Has anybody else experienced problems with the heated wing mirrors? All has been fine upto now, went to use them Sunday morning and passenger side cleared but drivers did not, I tried turning them off and on again but after a 20 minute drive it still hadn't cleared, hopefully this will be under warranty if its faulty, the car is just over a year old.


----------



## moro anis (May 27, 2010)

Are they fused separately?


----------



## Reasty (Feb 6, 2015)

That is a very good point! I shall check


----------



## KevC (Jul 12, 2016)

Yep I had exactly the same mirror do the same thing a couple of months back.
viewtopic.php?f=98&t=1774466

I'll get it sorted in the service in November.


----------



## Reasty (Feb 6, 2015)

Thanks for that kev, I'll book it in a get them to fix it


----------



## KevC (Jul 12, 2016)

Let me know how you get on. If it needs part ordered I'll get them to do that ahead of the service to save time.


----------



## cheechy (Nov 8, 2006)

I saw this issue and booked in for service - then tried it again by putting my hand on the mirror and it worked fine.

Not sure if its an intermittent thing but canned the repair as its working!


----------



## robes (Jul 6, 2016)

We had this issue with the drivers side mirror sorted under warranty at the 1st service a couple of weeks ago. Audi garage had ordered in a whole new mirror assembly, but apparently in the end it was just a lose connection in the mirror. All OK now (although not had the weather to test properly).


----------



## macaddict111 (Jun 13, 2018)

Not having this issue, but thanks for posting. This is going on my list of "problems other people had" for me to check RIIIIIGHT before my warranty is about to expire.


----------



## aeroflott (Feb 18, 2019)

I was coming here to post about this and found this thread. I'm not convinced that either of my heated mirrors are working. My warranty expires in three months, and want to check them out.

Any suggestions as to a test I can do?
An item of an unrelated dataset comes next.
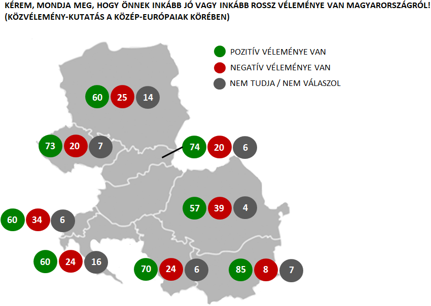 Magyarországról a bolgárok körében 85%, a szlovákok körében 74%, a csehek körében 73%, a szerbek körében 70%, míg a lengyelek, szlovének és horvátok körében egyaránt 60% alkotott pozitív véleményt. Legtöbben a románok körében voltak azok (39%), akik negatív vélemény alkottak Magyarország kapcsán.
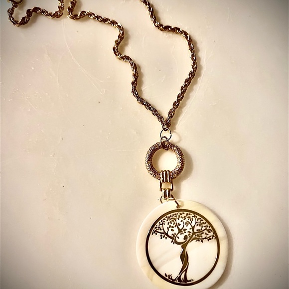 Introducing our exquisite handcrafted Tree of Life pendant necklace, a symbol of connection to all life, love, and eternity. The intricate design showcases a beautifully detailed woman shaped into a tree set against a pristine ivory colored shell backdrop, encased in a golden circular frame. Suspended from an elegant chain, this piece is not just jewelry but a work of art that adds sophistication and meaning to every outfit. The pendant features the design of the "Tree of Life" with detailed branches and roots. - It is circular in shape with an ivory-colored background and the tree design in gold. - Above the pendant is another smaller circular element adorned with details that connect it to the chain. - The chain is made up of intricate links showcasing quality craftsmanship. - The overall color scheme consists of gold and ivory tones giving it an elegant look.

Can you feel warmth to the touch when the heat is active?


----------



## scott65742 (Dec 31, 2017)

Put some water on them, the heat is enough to clear it.


----------



## KevC (Jul 12, 2016)

I had my drivers side replaced under warranty and a couple of days after it ran out my passenger one stopped working but I found that if I move it a little bit it then seems to work.

Definitely water/dew should clear within 5-10 mins of them being on so spraying a bit of water on there should show if it's working.


----------